Martin is majoring in Ocean Engineering
BREVARD COUNTY • MELBOURNE, FLORIDA – Being a scholar-athlete at Florida Tech takes an incredible amount of hard work and dedication to excel both in the classroom and on the field.
In this Scholar-Athlete Spotlight, we are featuring Panther men’s basketball player Elias Martin, a junior who is majoring in Ocean Engineering.
Making the trek to Melbourne from Green Cove Springs, Florida, Elias is averaging 5.4 points, 6.6 rebounds, and 1.6 blocks per game this season. His six blocks in the victory over Tampa on November 30th were the most by a Florida Tech player in six years.
Martin has been named to the Florida Tech Athletic Director’s Honor Roll after each of his first two years and was named to the Sunshine State Conference Commissioner’s Honor Roll following his freshman year.
Given the demands of a major that has ties to our home, and we’re learning more about it all the time, we sat down with Elias to talk with him about what made this major appealing to him and what he wants to do for a career.
■ What’s your major at Florida Tech, and why did you choose this? Is it something that you’ve always wanted to do?
My major currently is ocean engineering, and it wasn’t always what I planned to do.
When I initially came here, I was a civil engineering major, but during my sophomore year, I became interested in a specific part of engineering, civil engineering, and its coastal importance, harbor development.
And our school is one of the few schools in the country that has an ocean engineering program which would allow me to take more coursework in that area. So that’s why I ended up switching.
■ What was it about Florida Tech that drew you here?
It was definitely the chance to be able to compete at a high level in Division II basketball, and the quality of education I had been getting at the same time was a big draw.
■ How do you plan to use your degree after graduation?
Currently, I’m planning on pursuing a career in design engineering. So, instead of being in the field, I want to do design work for ports and harbors, marinas and beaches, and shoreline re-restoration.
■ Do you feel like growing up near Jacksonville and then being here in Melbourne has drawn you towards the ocean, or was there a different thing that made you want to be a part of that?
I definitely think it is. Both my parents were in the Navy, and I’ve always been near water wherever I’ve been, and it’s definitely had an effect on me and made me have a deeper appreciation for it.
■ What are some of the exciting projects that you’ve been able to work on in classes here?
Most recently, I was working on a project where we were taking different design surfboards and analyzing those speeds at the beach and trying to draw a correlation between why some are faster, and some are slower, how to increase acceleration, that sort of thing. That was pretty fun.
■ Between all the practices, games, and road trips, how do you keep everything balanced once the season starts?
Yeah, it can definitely get overwhelming at times, but we have a lot of balances in place.
We’re always taught how to manage our time, how to communicate well with our professors about the different things that are going to be going on, and just stay disciplined.
We already have to get up early to do athletic stuff, taking advantage of that time and knocking out schoolwork when we otherwise would be sleeping and just staying as focused as possible during a very busy time.

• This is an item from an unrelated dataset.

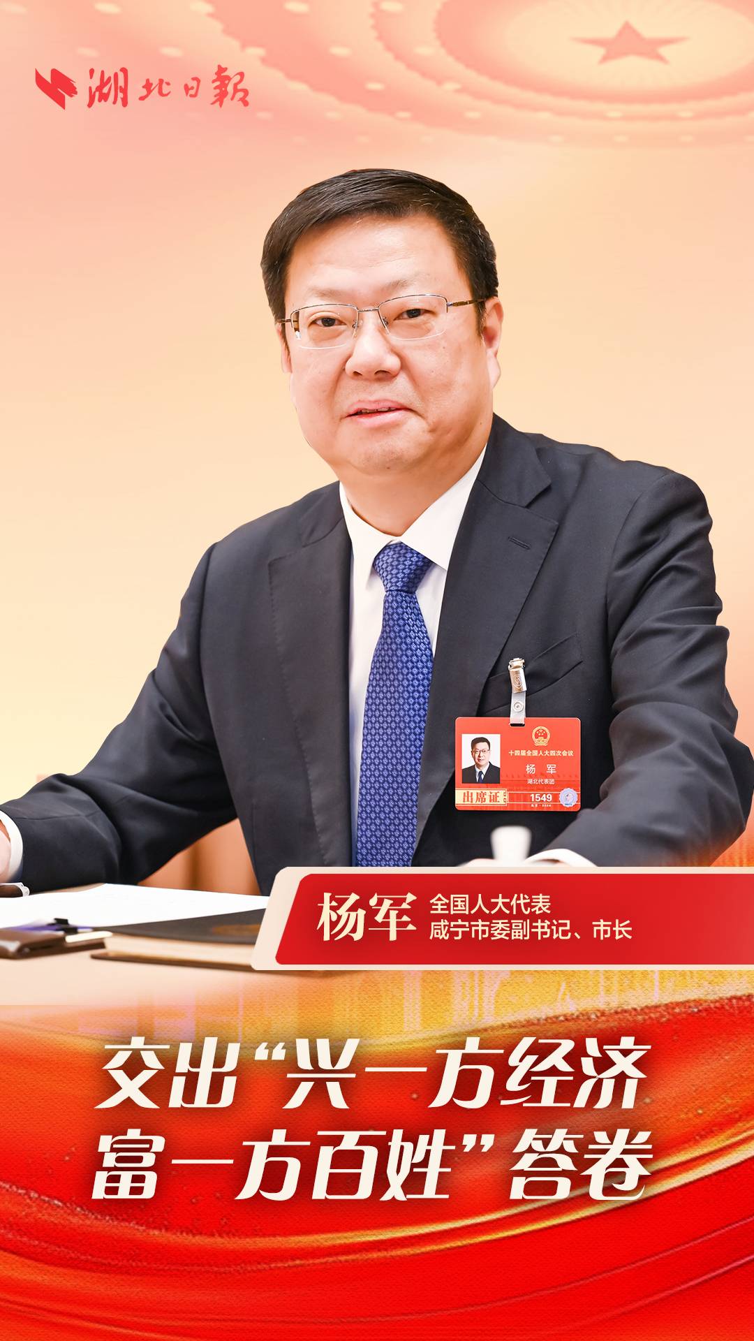 “推动发展必须始终站稳立党为公立场,把为民造福作为最大追求,把科学决策作为基本方法,把真抓实干作为鲜明作风。”3月7日,全国人大代表、咸宁市委副书记、市长杨军接受湖北日报全媒记者采访时说,要以“功成不必在我、功成必定有我”的境界与担当,坚决扛起“兴一方经济、富一方百姓、建一方文明、保一方平安”的政治责任。

■ How has being a collegiate athlete prepared you for what you’re doing now and what do you take from the court that you apply to your studies?
Communication, it’s so key to being able to communicate with your teammates offensively and defensively on the court and that’s translated really well to communicating with peers, professors, other students, and faculty, and it’s had a huge impact on my success.
■ What advice would you give to an athlete coming to Florida Tech that has an interest in Ocean Engineering?
Definitely take a look at the major. It’s a very difficult major and has a lot of difficult math requirements and physics. So, if you’re interested in doing stuff in the ocean and combining that with some of the typical things you’d be doing in engineering, it’s a great field.
But there are a lot of things to do in ocean engineering, so find out what some of those are and how you’re interested in them.
There are a lot of different clubs to join, like the Naval Architecture Society and the National Oceanic Engineering Society.
Just get involved with those types of clubs, and activities, and make sure you’re really interested in doing math and physics.
■ What have you enjoyed the most about your time at Florida Tech and what goals do you have for the rest of the season?
What I’ve enjoyed the most has been that family feeling I’ve had with all my teammates. I’ve had a big sense of community since I came here, and it’s played a big part in my success.
As far as goals moving forward, just win every game we can and contribute to the team’s success in whatever way is needed.